= Miss Supertest III =

Canadian hydroplane

Miss Supertest III was a hydroplane designed and built by Canadians that won the 1959 Detroit Memorial Regatta and the 1959, 1960 and 1961 Harmsworth Cup races—the only four races she ever entered. She was the only three-time Harmsworth Cup winner and the first non-U.S. winner in 39 years.

Racing out of Sarnia, Ontario, Miss Supertest III was owned by J. Gordon Thompson, owner of Supertest Petroleum (later acquired by BP). The team was managed by his son, Jim Thompson, and the boat piloted by Bob Hayward. Miss Supertest III was inducted into Canada's Sports Hall of Fame. She is currently owned by Murray Walker.
Her predecessor, Miss Supertest II, was briefly the fastest propeller-driven motorboat in the world, setting a water speed record of 296.96 km/h (184.494 mph) on November 1, 1957, at Picton, Ontario, with Art Asbury at the wheel. She broke a record that had stood for five years, but a new record was set only a few weeks later. The Harmsworth Cup races near Picton were broadcast on CJBQ radio by Jack Devine.

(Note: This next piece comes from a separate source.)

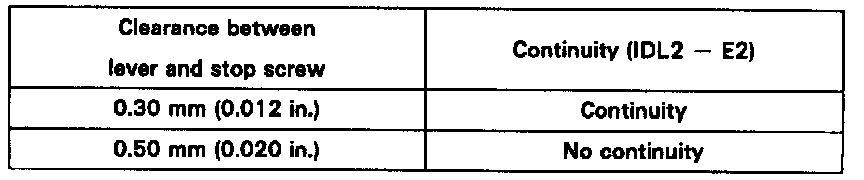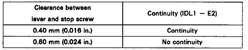 - Check that there is no clearance between the throttle stop screw and throttle lever when the throttle valve is fully closed.

The first Miss Supertest was originally known as Miss Canada IV and competed in hydroplane races from 1949 to the mid-1950s.

The Miss Supertest boats were retired following the death of Bob Hayward. He was killed while racing Miss Supertest II about a month after winning the 1961 Harmsworth Cup with Miss Supertest III.

Canada Post issued a commemorative stamp in 2011 honouring Miss Supertest III, her driver Bob Hayward and businessman Jim Thompson, who designed and built her.